BOE 7 July 2011 Charter School Discussion V. Sheard 301-949-3372

Another concern is the student selection process. In the last several weeks I have been given at least six interpretations of how the selection process will be handled particularly regarding the Crossway Montessori proposal, the including -- that all the current students in the program at that site and the kids in the residential program will be enrolled, or alternatively, all available slots will be filled by lottery, or some will be enrolled initially from the existing program and then a lottery will fill the remaining slots.
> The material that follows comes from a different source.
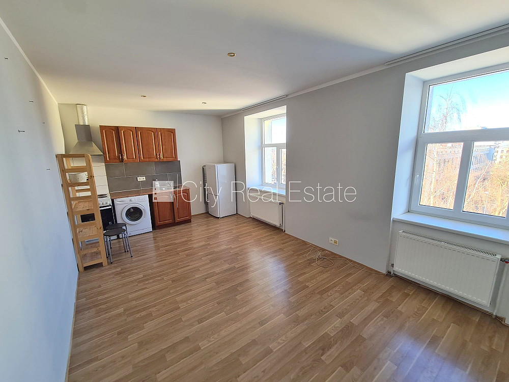 Fasādes māja, renovēta māja, slēgts pagalms, ieeja no ielas un pagalma, kāpņu telpa pēc kosmētiskā remonta, logi vērsti uz pagalma pusi, studio tipa, virtuve apvienota ar istabu, augstie griesti, centrālā apkure, pilnā apdare, plastikāta stikla pakešu logi, krāsotas sienas, jauna santehnika, lamināta parketa grīda, flīžu grīdas segums, sanitārais mezgls apvienots, dušas kabīne, tualete, iebūvēta virtuves iekārta, ledusskapis, elektriskā plīts, cepeškrāsns, tvaika nosūcējs, veļas mašīna, slēgta kāpņu telpa, izīrē ar visu bildēs redzamo aprīkojumu, atbrīvots, slēdzot īres līgumu, Jums būs jāmaksā par pirmo īres mēnesi , kā arī jāiemaksā drošības depozīts viena mēneša īres maksas apmērā, izvēloties šo īpašumu, komisijas maksa par starpniecības pakalpojumiem ir vienāda ar vienu pusi (50%) no šī īpašuma viena mēneša īres maksas, CITY REAL ESTATE ID - 512521

County representatives have said that all the resident children and all eligible neighborhoods kids will be enrolled. Crossway has indicated that it will provide funding for any resident kids not accepted into the charter school. Crossway will need to address the needs of four different groups of kidsone group are the 80-100 (?) students in the existing Montessori program at the site, another is the 40 or more kids who live at Crossway with their mothers who are part of the Crossway residential program, another group is the neighborhood children (and by the way this site is definitely not in a lowincome area), and the last group is the low-income kids within a mile of the site. I hope you do better in future years to attract the kind of innovative charter school proposals that our kids deserve. I urge you to consider carefully whether your responsibility is to approve one of these applications because it is politically expedient and let the first planning year sort out all the messy details, or not approve either one and engage in a serious effort to solicit innovative applications that represent the best of the best.